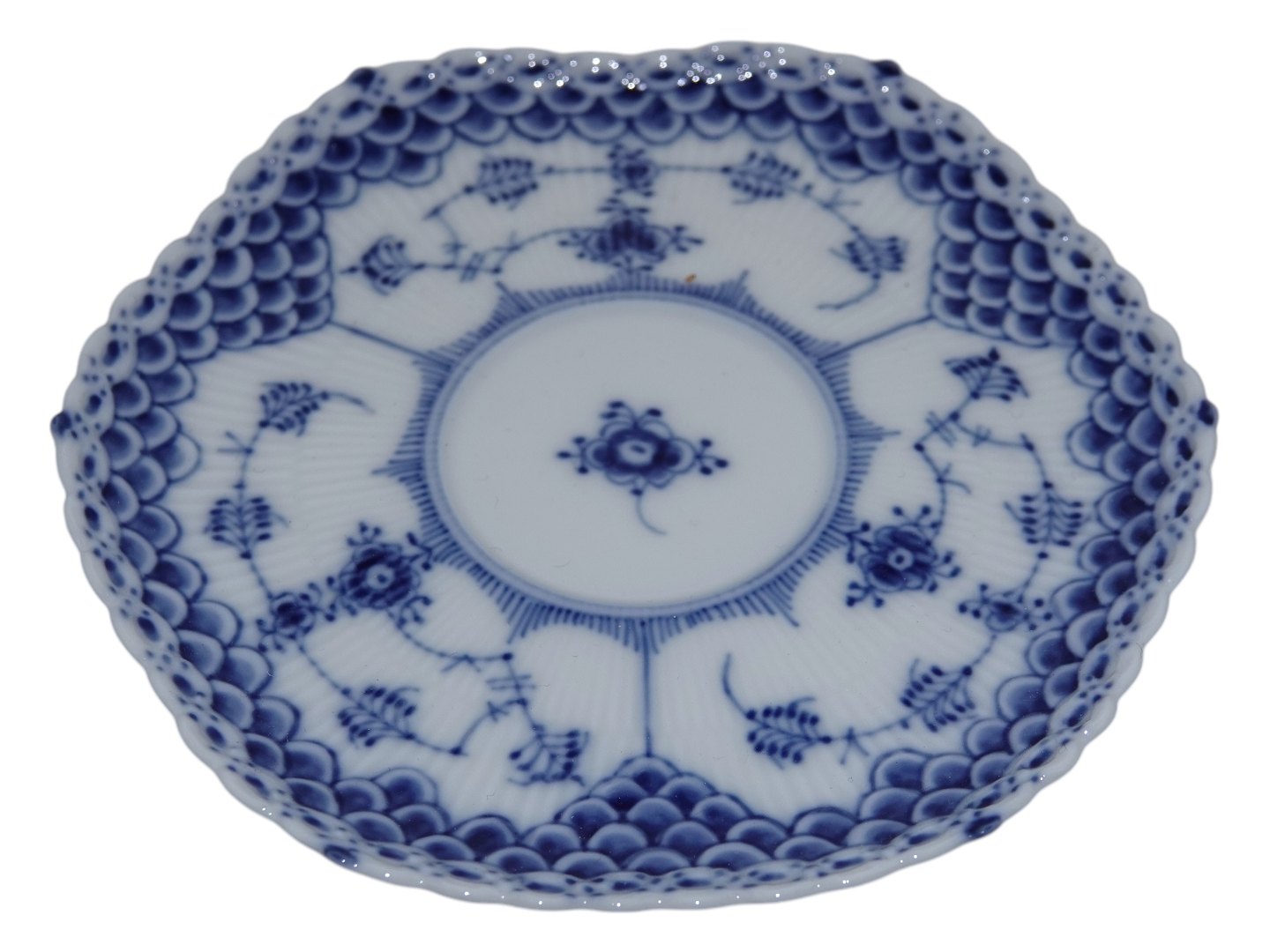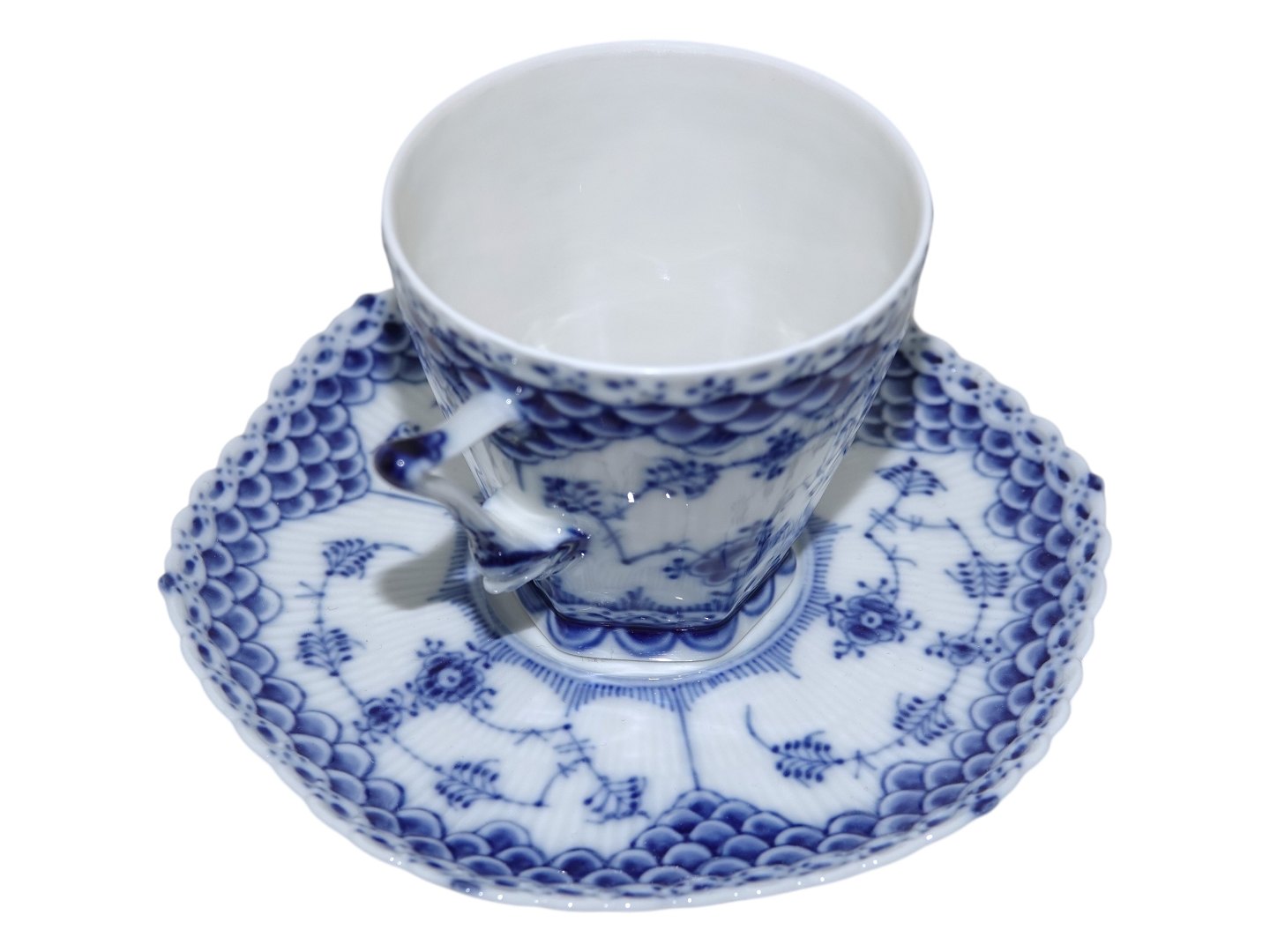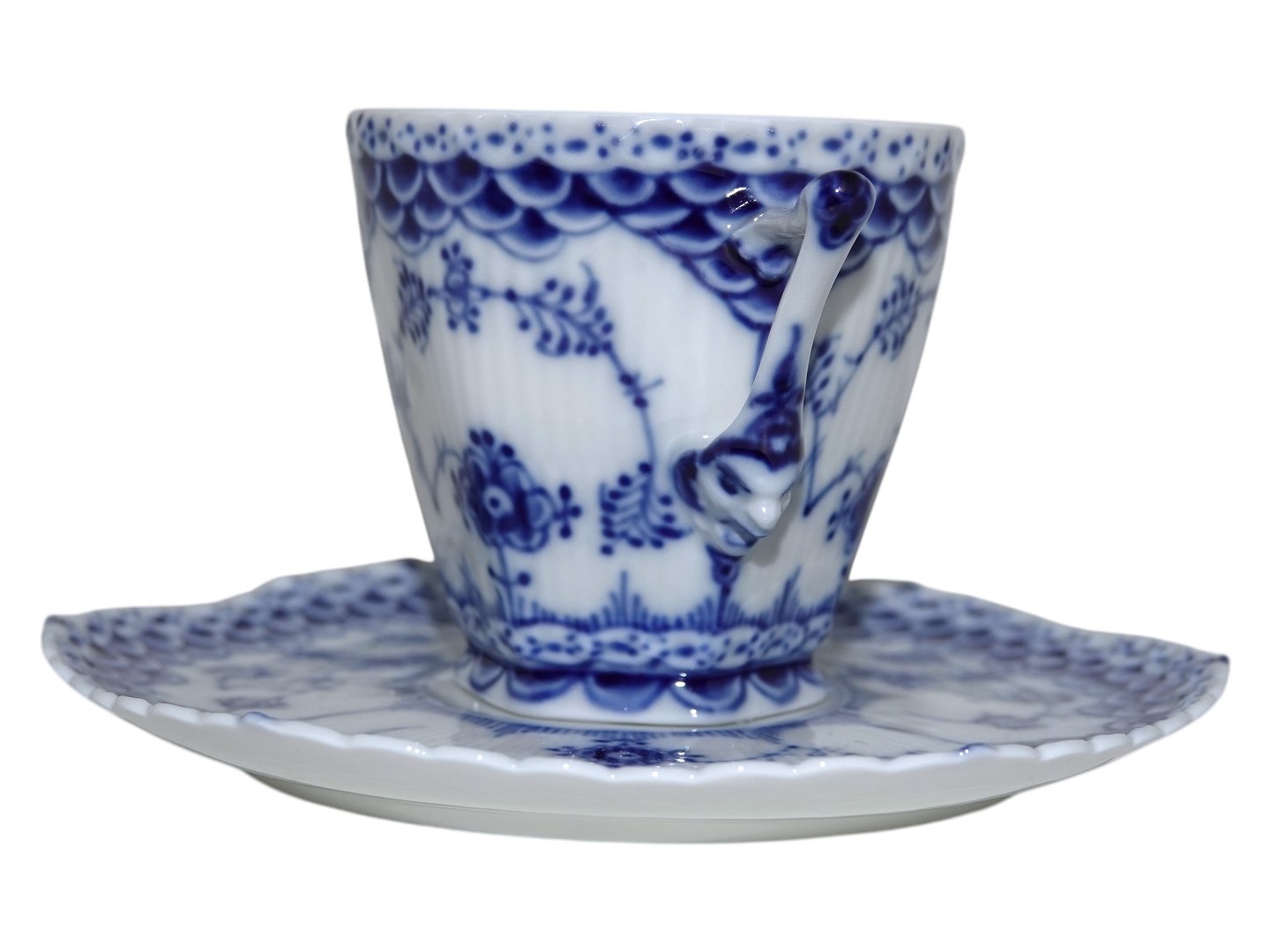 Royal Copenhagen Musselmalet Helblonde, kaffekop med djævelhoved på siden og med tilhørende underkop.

==

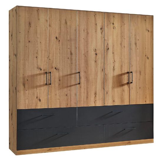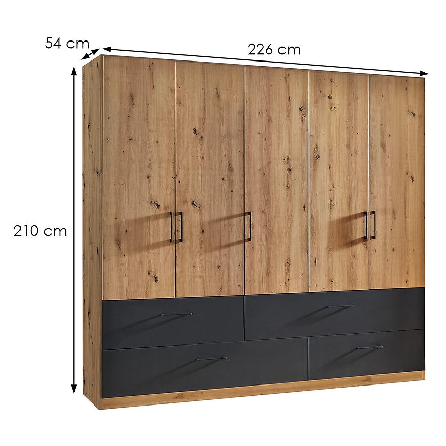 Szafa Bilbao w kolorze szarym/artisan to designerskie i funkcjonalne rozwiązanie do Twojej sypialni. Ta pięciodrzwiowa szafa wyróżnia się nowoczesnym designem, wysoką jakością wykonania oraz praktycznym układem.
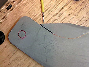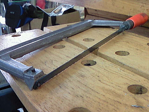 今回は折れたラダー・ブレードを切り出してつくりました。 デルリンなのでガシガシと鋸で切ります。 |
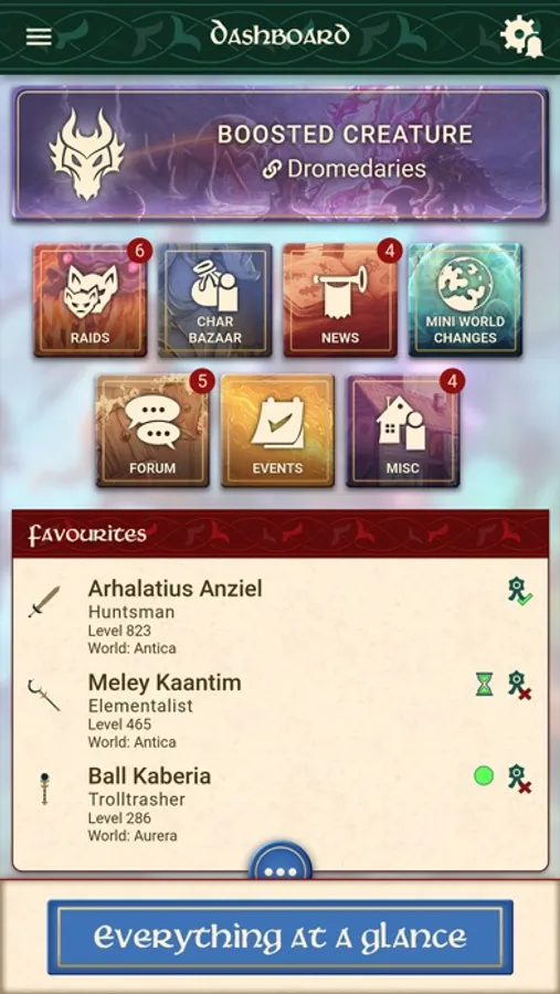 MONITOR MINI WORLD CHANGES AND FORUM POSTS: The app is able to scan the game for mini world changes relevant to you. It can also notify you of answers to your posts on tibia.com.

=== Problem requirements ===
Exactly the lines above from the one that contains "Szafa Bilbao w" down to the one that contains "MONITOR MINI WORLD" are to be output, both ends kept and pictures omitted.

=== Solution below ===
 Szafa Bilbao w kolorze szarym/artisan to designerskie i funkcjonalne rozwiązanie do Twojej sypialni. Ta pięciodrzwiowa szafa wyróżnia się nowoczesnym designem, wysoką jakością wykonania oraz praktycznym układem.
 今回は折れたラダー・ブレードを切り出してつくりました。 デルリンなのでガシガシと鋸で切ります。 |
 MONITOR MINI WORLD CHANGES AND FORUM POSTS: The app is able to scan the game for mini world changes relevant to you. It can also notify you of answers to your posts on tibia.com.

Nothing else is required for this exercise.